Work to be completed: The following data is to be repeated exactly, its pictures excluded.

Supplied data:
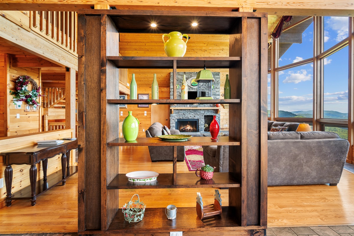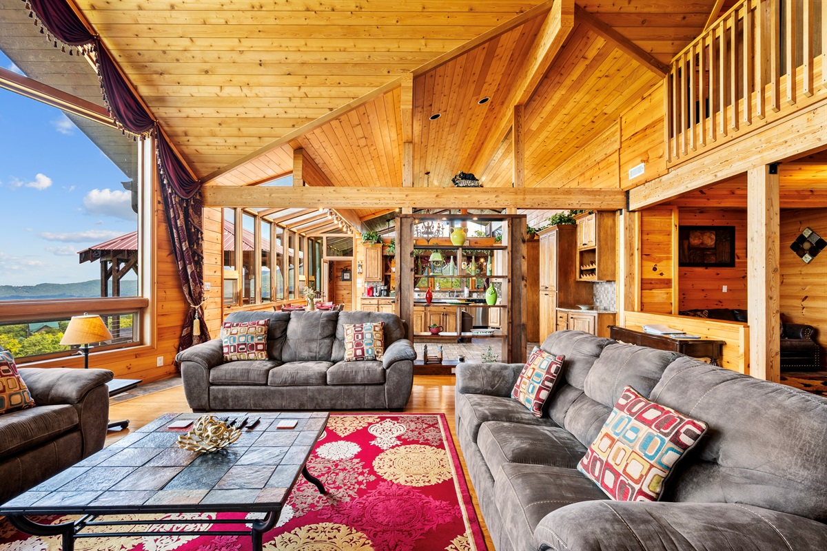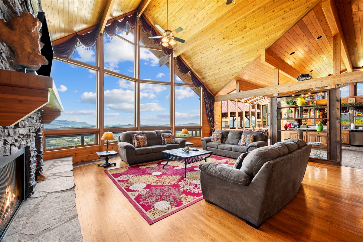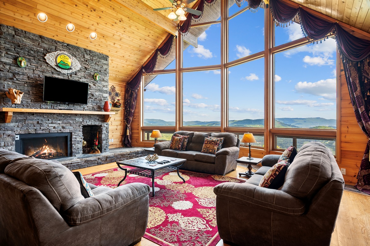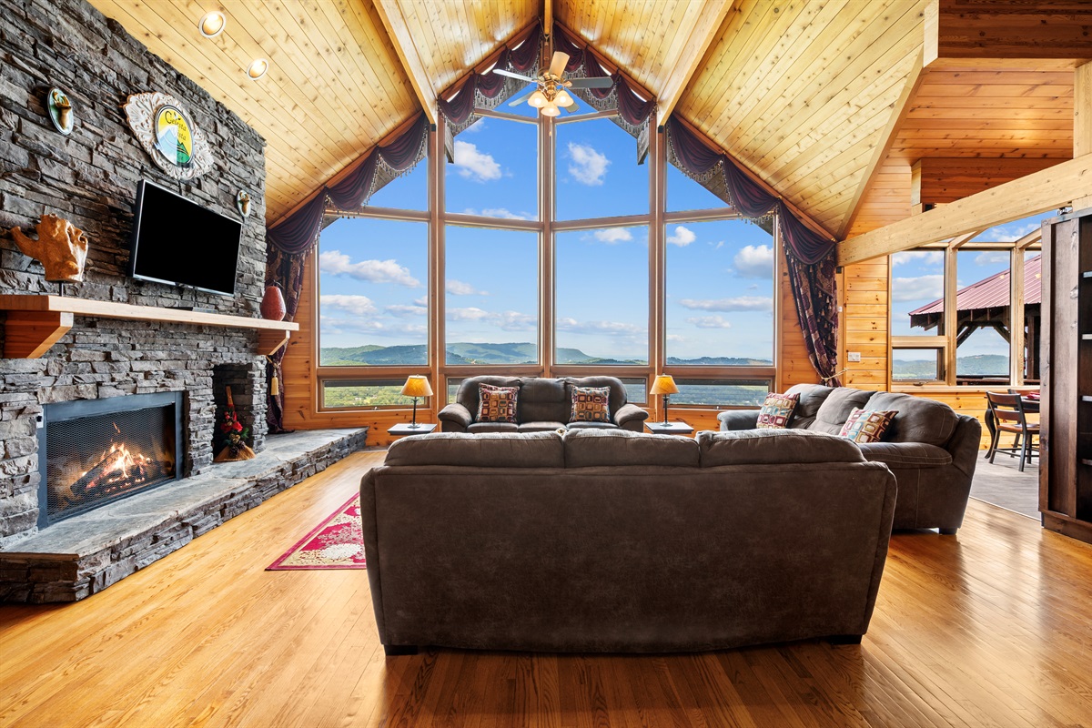 MAIN FLOOR - On the main level of Celesta Vista Lodge is a breath-taking great room, which encapsulates the literal meaning of Celesta Vista. The wall of windows overlooks Wear's Valley and the magnificence of the view can`t be captured in the pictures you are able to view on the website. The main living area features a gas log fireplace and an expansive sitting area with a large 60" flat screen television.
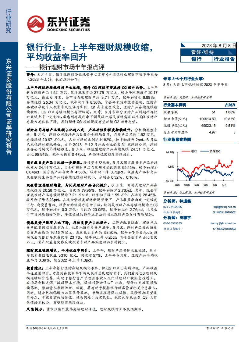 2023-08-08-東興證券-銀行理財(cái)市場(chǎng)半年報(bào)點(diǎn)評(píng):上半年理財(cái)規(guī)模收縮,平均收益率回升
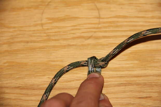 2. hacer otro ciclo con la derecha más longitud de paracord asegurándose de que envuelve el paracord izquierdo y terminar por debajo de ella.
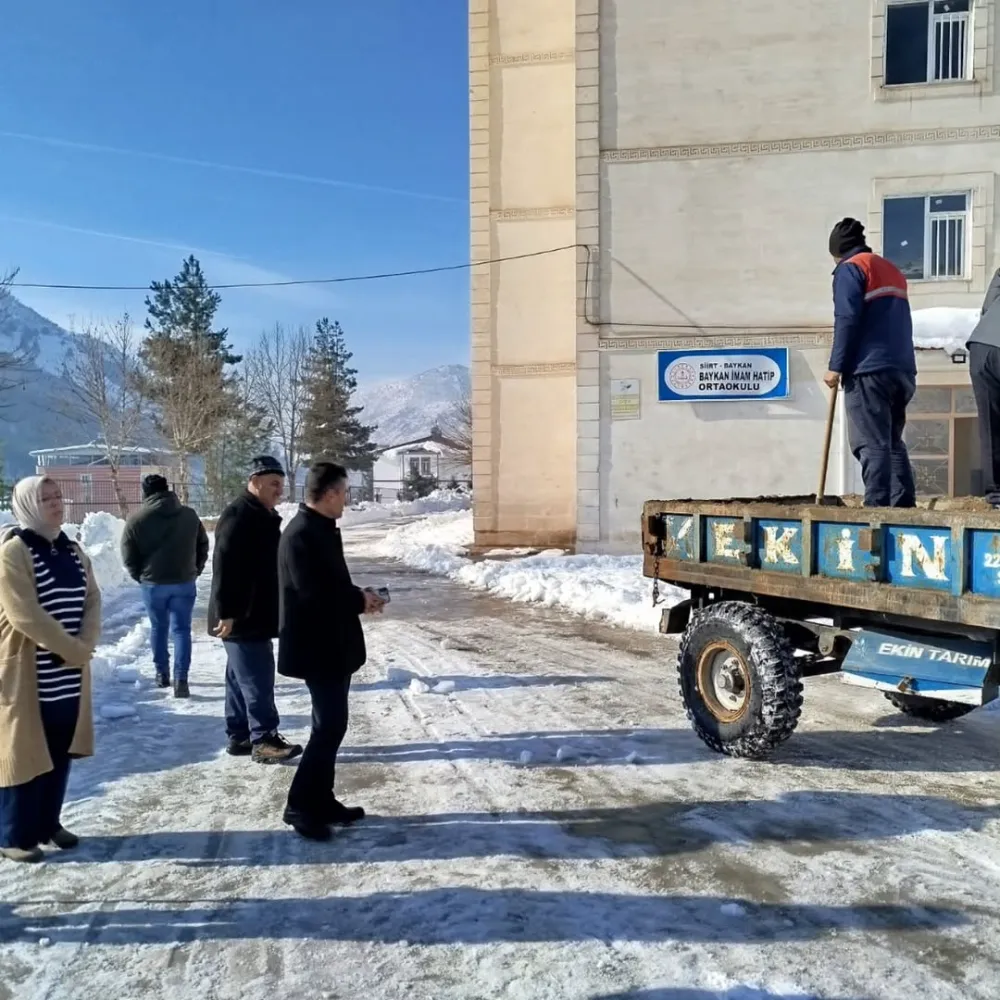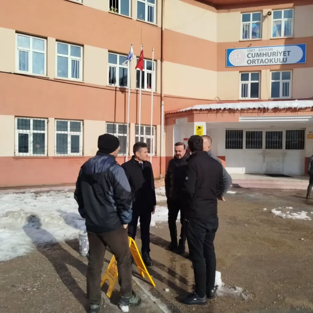 Baykan İlçe Milli Eğitim Müdürü Vahap Gülmez, Şube Müdürleri Osman Seven, Mücahit Kurhan ve Botan Sezgin eşliğinde, Baykan Belediyesi ekiplerince okul bahçeleri ile bina saçaklarında gerçekleştirilen kar ve buz temizleme çalışmalarını yerinde inceledi.

Answer for the task:
 MAIN FLOOR - On the main level of Celesta Vista Lodge is a breath-taking great room, which encapsulates the literal meaning of Celesta Vista. The wall of windows overlooks Wear's Valley and the magnificence of the view can`t be captured in the pictures you are able to view on the website. The main living area features a gas log fireplace and an expansive sitting area with a large 60" flat screen television.
 2023-08-08-東興證券-銀行理財(cái)市場(chǎng)半年報(bào)點(diǎn)評(píng):上半年理財(cái)規(guī)模收縮,平均收益率回升
 2. hacer otro ciclo con la derecha más longitud de paracord asegurándose de que envuelve el paracord izquierdo y terminar por debajo de ella.
 Baykan İlçe Milli Eğitim Müdürü Vahap Gülmez, Şube Müdürleri Osman Seven, Mücahit Kurhan ve Botan Sezgin eşliğinde, Baykan Belediyesi ekiplerince okul bahçeleri ile bina saçaklarında gerçekleştirilen kar ve buz temizleme çalışmalarını yerinde inceledi.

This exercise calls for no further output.